Intent-Code Divergence

Medium
Confidence
97% confidence
Finding
The early Alipay callback example updates the order state based solely on a reported success status without first performing signature/authenticity verification. In a payment integration skill, this is dangerous because developers may copy the insecure example verbatim, allowing forged callback requests to mark unpaid orders as paid and causing direct financial loss; the later section showing verification does not neutralize the risk because the document presents contradictory guidance.

Intent-Code Divergence

High
Confidence
98% confidence
Finding
The Redis idempotency example is internally inconsistent and unsafe: after setting the key to "processed" for 7 days, the finally block unconditionally deletes the same key, removing the deduplication marker. This allows duplicate callbacks or retries to re-enter business logic after apparent success, which is especially dangerous in payment processing because it can cause repeated settlement, inventory changes, or inconsistent order state.

Intent-Code Divergence

Medium
Confidence
98% confidence
Finding
The callback example states signature verification is already handled, but the shown code directly trusts and parses the request body with no visible verification of WeChat Pay signatures, timestamps, serials, or decrypted resource authenticity. In payment code, this can lead readers to implement a webhook that accepts forged success notifications, enabling fraudulent order completion.

Missing User Warnings

Medium
Confidence
89% confidence
Finding
The guide includes highly sensitive configuration fields such as APIv3 key, API key, certificate serial, and private-key path without any explicit warning about secret protection, access control, rotation, or avoiding hardcoding.

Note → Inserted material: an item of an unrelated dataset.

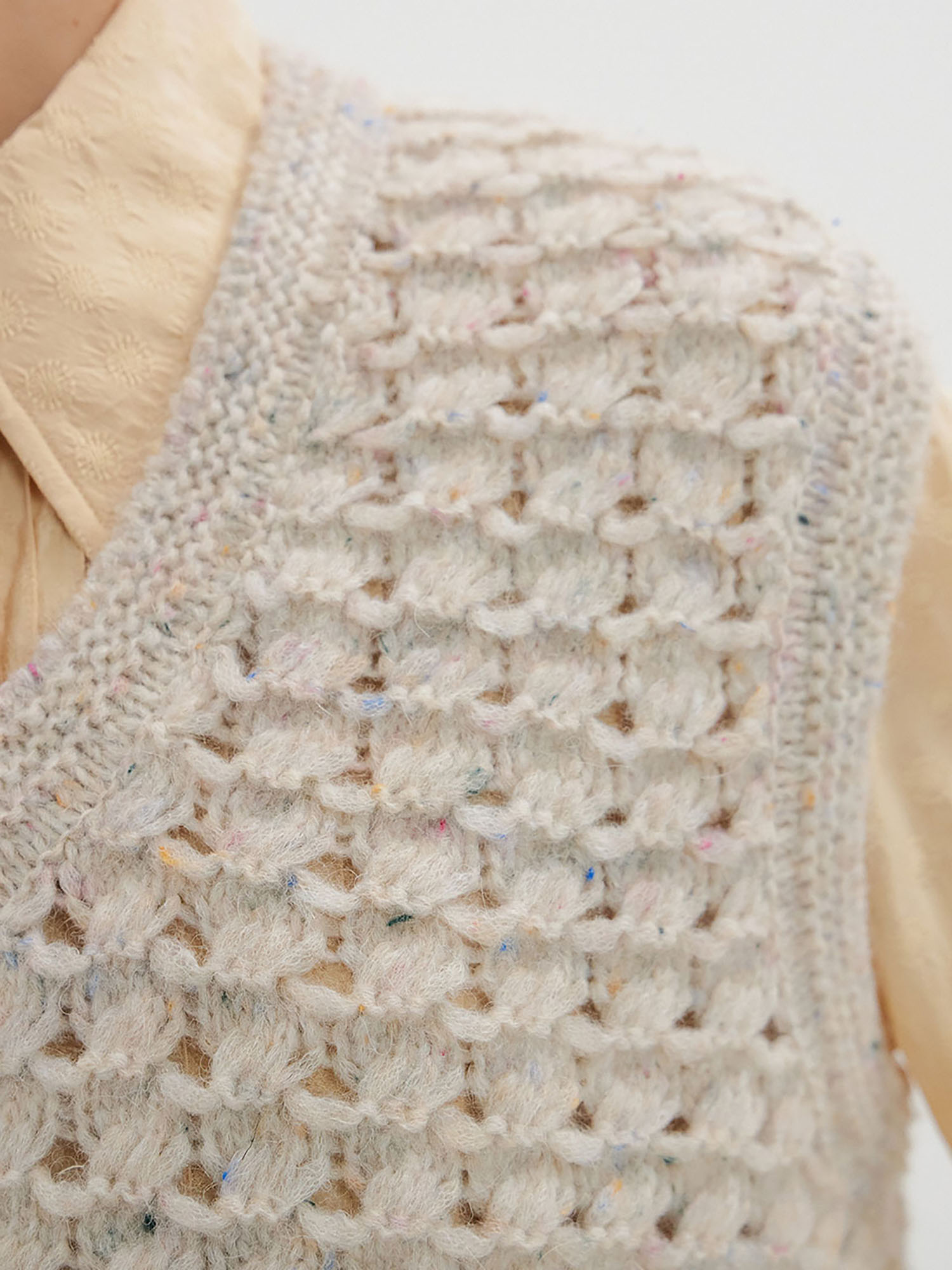 TOBI V-neck Short Vest - Beige Multi

In a copy-paste integration guide, this omission increases the chance operators will commit credentials to source control, expose them in logs, or deploy them with weak protection.

Missing User Warnings

Medium
Confidence
91% confidence
Finding
The certificate-installation section instructs users to download and place certificate materials on the server, including files that contain or accompany private key material, but does not clearly warn that compromise of these files enables impersonation of the merchant in sensitive payment operations. For payment integrations, omission of this warning materially raises the risk of mishandling private keys.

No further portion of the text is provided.